= Thomas Sinton =

Thomas Sinton, JP (February 1826 – 20 August 1887) was an Irish industrialist and magistrate. Sinton made a significant impact upon the Irish linen trade; not least establishing the village of Laurelvale, County Armagh.

Thomas Sinton was born in Tamnaghmore House, Tandragee, County Armagh, the son of David Sinton and Sarah Green; his brother was John Sinton. The Sintons, like so many of Northern Ireland's linen families, were Quakers, in this case of Scottish descent; although the Sintons had been settled at Tamnaghmore for several hundred years. Sinton's father, David Sinton (1792-1860), was the first cousin of American multimillionaire David Sinton. Thomas Sinton was sent to board at Friends' School, Lisburn – a Quaker school. In 1859 he married Elizabeth Bridget Hesilridge Buckby (1835–1900), her family lived at Prospect House, Tandragee. He had eight children by his wife;
- (William) Maynard Sinton, JP (High Sheriff of Armagh and Unionist County Councillor for County Armagh – lived at Ballyards Castle)
- David Arthur Sinton, of Stramore House, Gilford (1862-1919, d.s.p.)
- Dorothy Hesilridge Sinton (1863-1949, d.s.p.)
- Elizabeth Sinton (1865-1865)
- Thomas Greville Sinton, JP; lived at Laurelvale House, served as High Sheriff of Armagh (1930) and as a magistrate (1866-1940, d.s.p.)
- Alfred Henry Hesilridge Sinton, of Hill House, Laurelvale (1868-1932, d.s.p.)
- Frederick Buckby Sinton, of Banford House, Tullylish, Gilford (1870-1943)
- Jemima Sarah Isabella Sinton (1872-1952, m. Isaac van Abbe, a Dutchman)

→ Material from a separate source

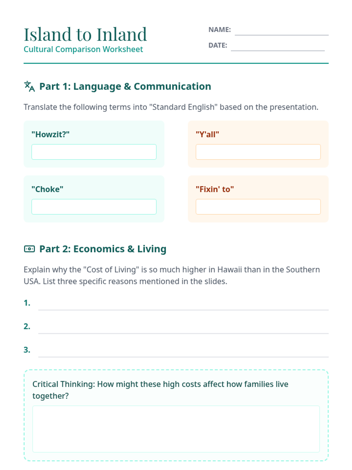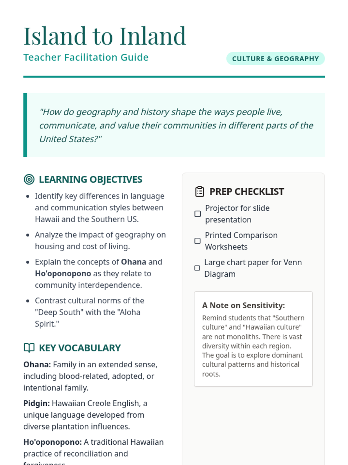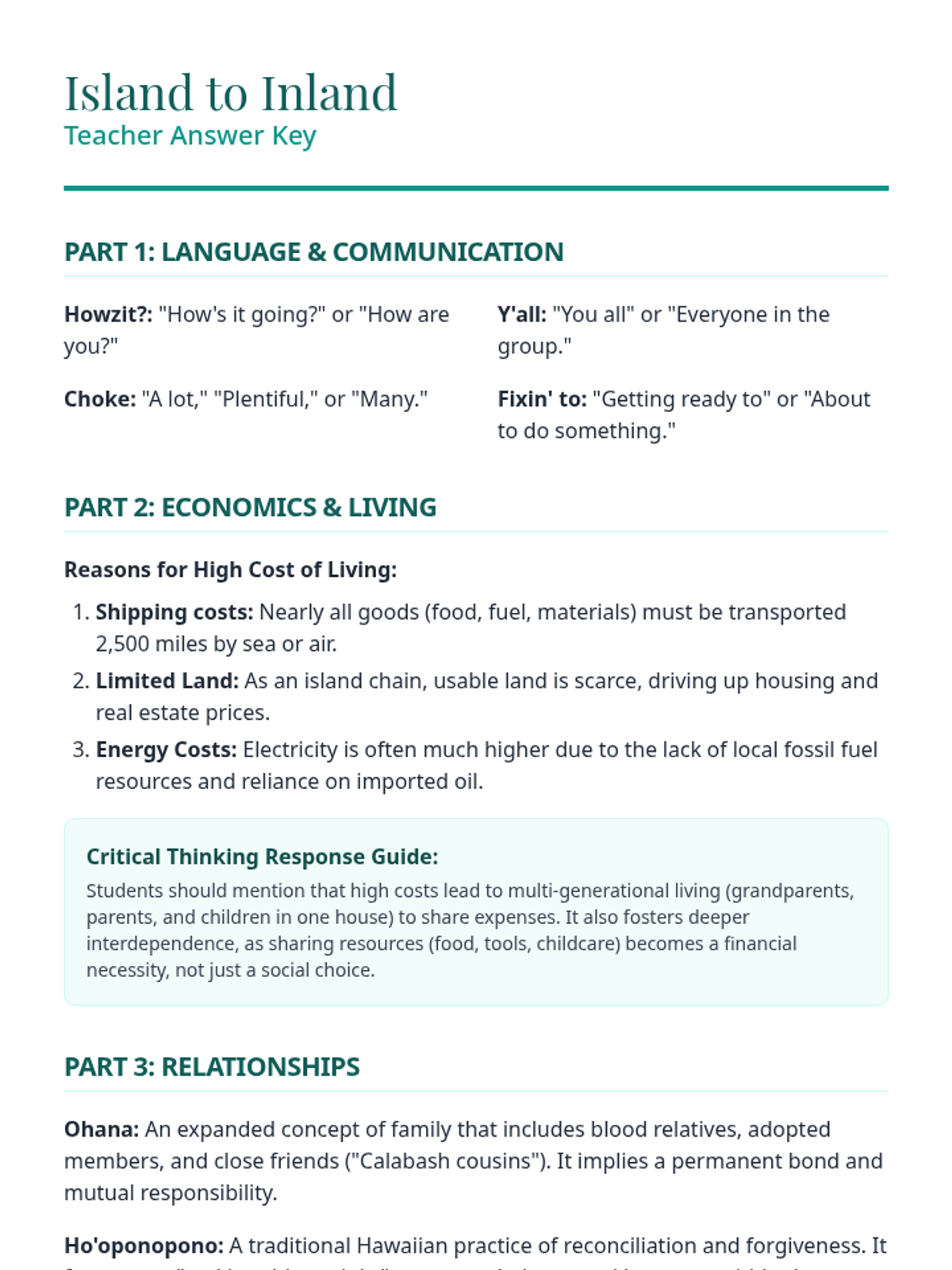 A comparative look at Hawaiian culture and Southern US culture, focusing on language, housing, economics, and deep-rooted family values.

Sinton died at his home, Laurelvale House (later the home of Michael Torrens-Spence), and was buried at Moyallon Friends' Burial Ground, Gilford. His effects were valued, in 1887, at over £100,000. Sinton, through his brother John Sinton, was a great-uncle of the soldier and doctor John Alexander Sinton.

==Linen factory==

Thomas Sinton's mill, Laurelvale

Sinton built the model village of Laurelvale (named due to the abundance of laurel bushes in the area), also known as Laurel Vale, to house workers at his large linen factory – Thomas Sinton & Co. The factory was started in the early 1850s and by the 1880s it employed around 700 workers, responsible for manufacturing very high-grade heavy linen. The company was responsible for almost all of the houses built in the village, especially those for family members and factory managers.

He also owned factories in Tandragee (Sintons' Mill), by the River Cusher, and at Killyleagh, County Down. His younger brother, John Sinton, owned a linen mill at Ravernet near Hillsborough, County Down, and Thomas's descendants would also acquire the Banford Bleachworks, at Tullylish.

The Laurelvale factory closed in 1944 when it was acquired by the Ministry of Defence and used by the Hoffman company for the manufacture of ball bearings for tank turrets etc. In the 1970s it was damaged in a fire but was inhabited by a private family until the mid eighties. Both the house and the factory area have recently been cleared and replaced by a housing development. All that remains of Laurelvale House and the factory now is an old wall, which was part of the stable block.

Sintons' Mill, Tandragee, was still in production, employing 200 people, until 1996. There were then plans afoot to convert the mill, which remained the Sinton family's property, into a tourist and retail facility, with the hope of a £7–8 million investment. Planning permission was granted for this, however, the building was put up for sale by Thomas (Tim) Sinton (the subject's great-grandson) in 2003.